1. The OttoDataset class definition and an instance creation. This dataset is used to save the data in FFCV's custom format .beton using the DatasetWriter.

1. Creation of an FFCV Loader and a PyTorch DataLoader to load the Otto dataset.

1. Definition of a simple neural network model MySuperPooperNetwork and its training setup.

1. Performance comparison of FFCV and PyTorch DataLoader for the Otto dataset.

1. Definition of a WideResNet model MyWideResNet28_10 and its training setup.

1. Loading the CIFAR-10 dataset and saving it in FFCV's custom format .beton using the DatasetWriter.

1. Creation of an FFCV Loader and a PyTorch DataLoader to load the CIFAR-10 dataset.
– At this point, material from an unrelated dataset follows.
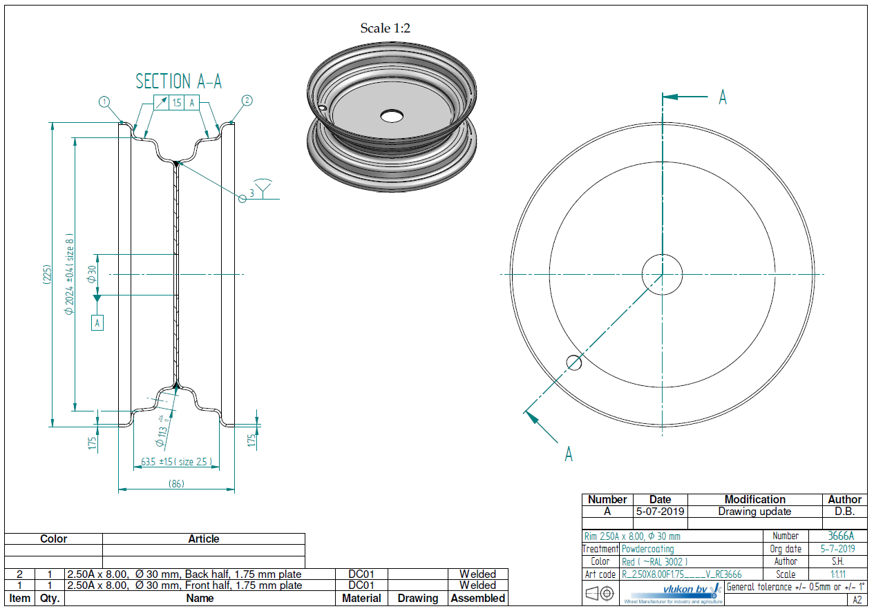 1.75 mm thick one piece welded RIM, diameter: 8 inch, width: 2.50 inch,
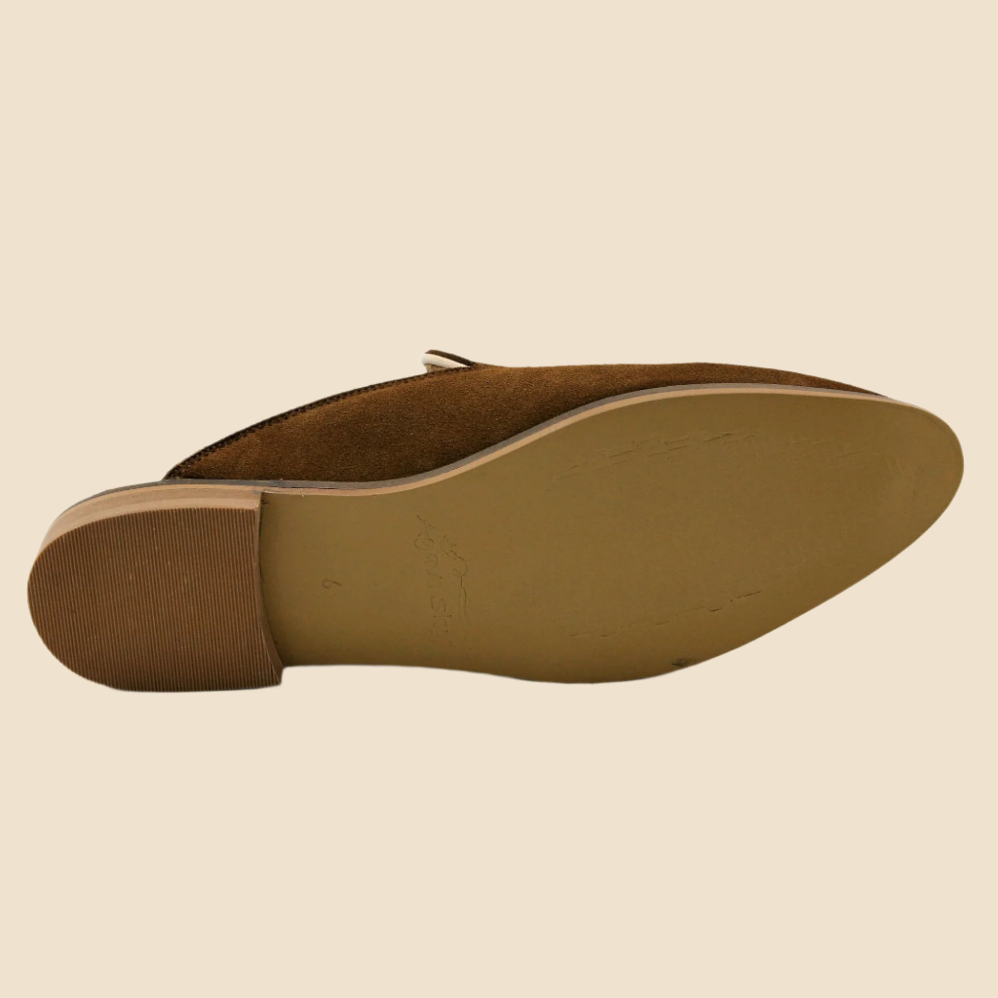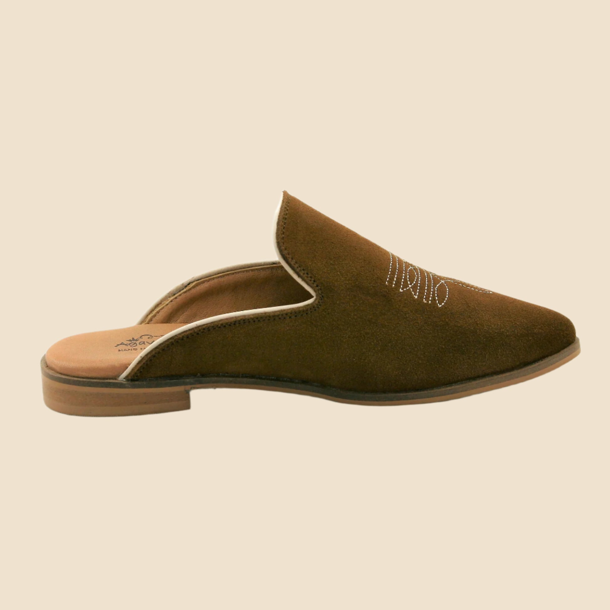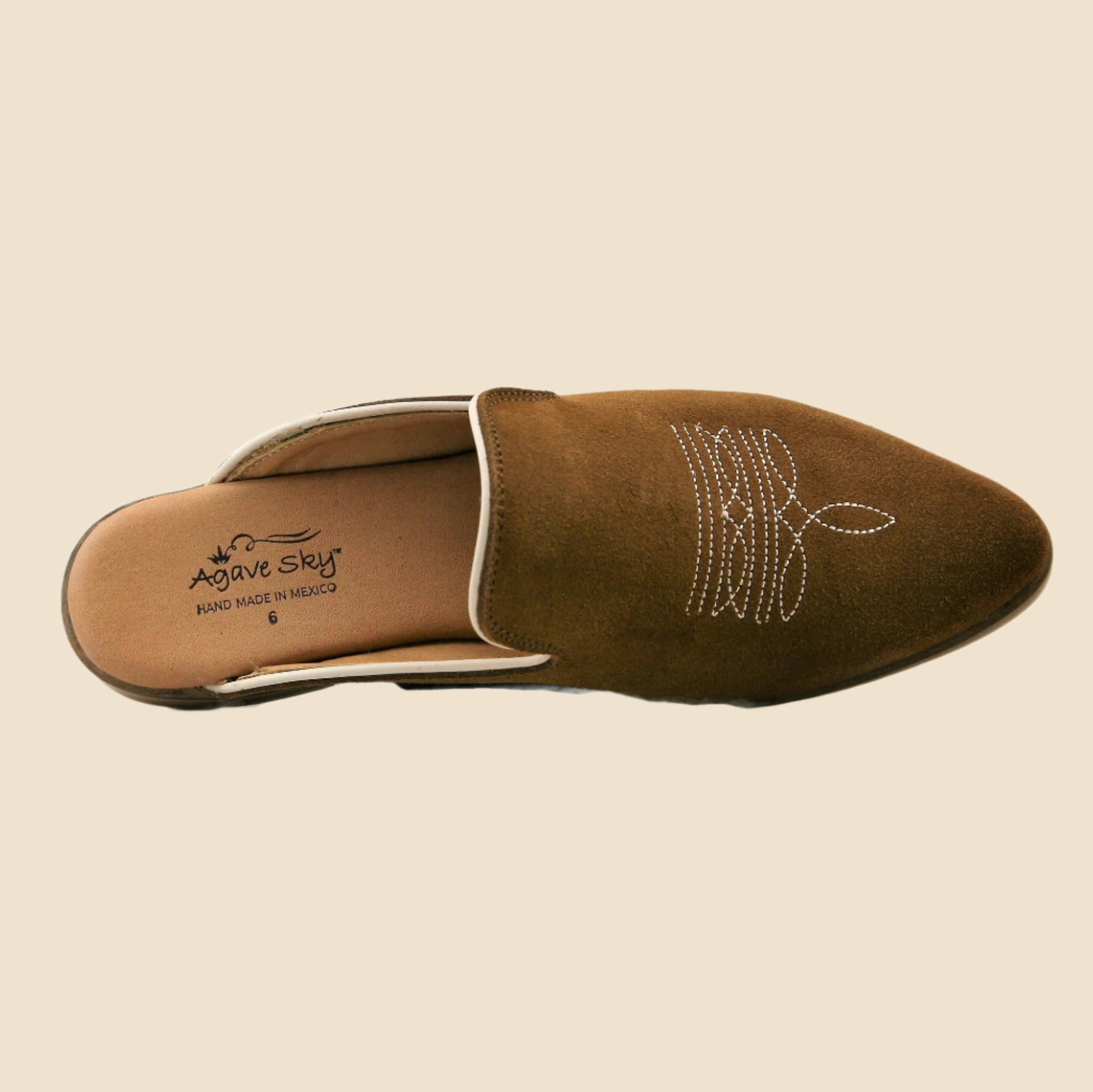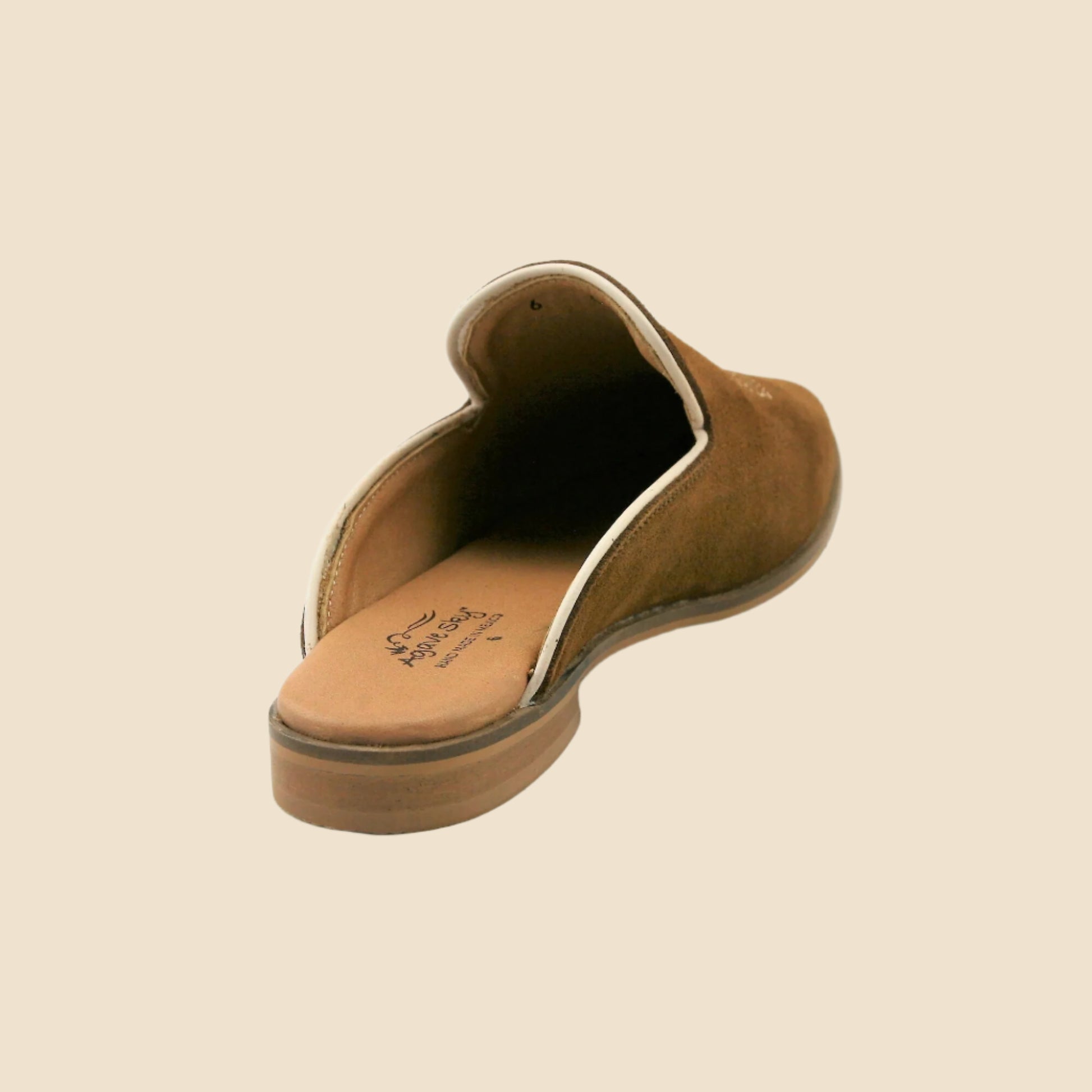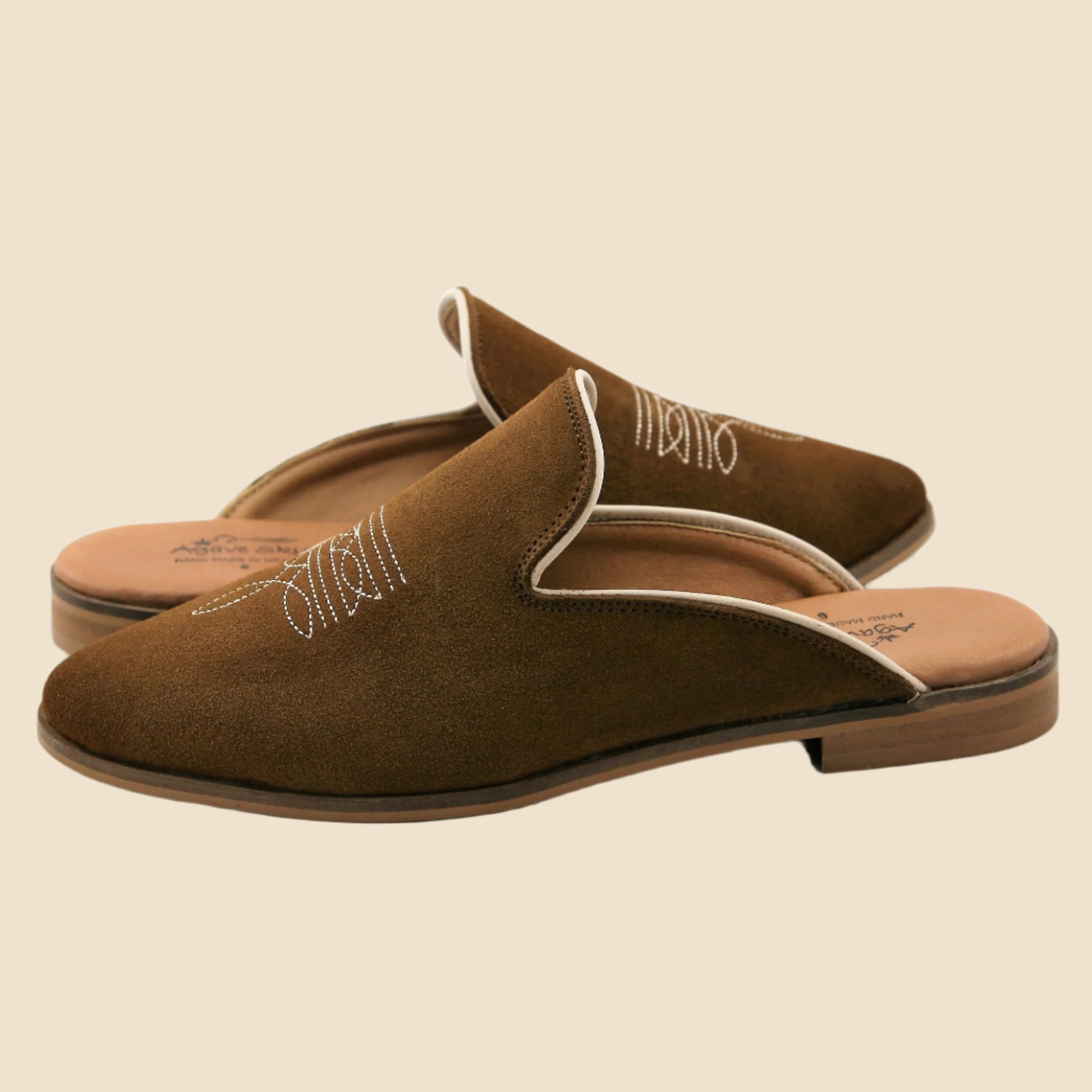 This Adaire mule features the iconic western boot stitch combined with honey rough out suede and cream contrasting piping in a slide on silhouette. Leather padding on the insole and the perfect little non slip heel and you're comfort level just kicked into high gear.

1. Performance comparison of FFCV and PyTorch DataLoader for the CIFAR-10 dataset with and without the full forward pass.

In [None]:
%env CUDA_VISIBLE_DEVICES=0

env: CUDA_VISIBLE_DEVICES=0


In [None]:
import numpy as np

class OttoDataset:
    def __init__(self,):
        self.X = np.load('../data/otto_ll/X_num_train.npy')
        self.y = np.load('../data/otto_ll/y_train.npy')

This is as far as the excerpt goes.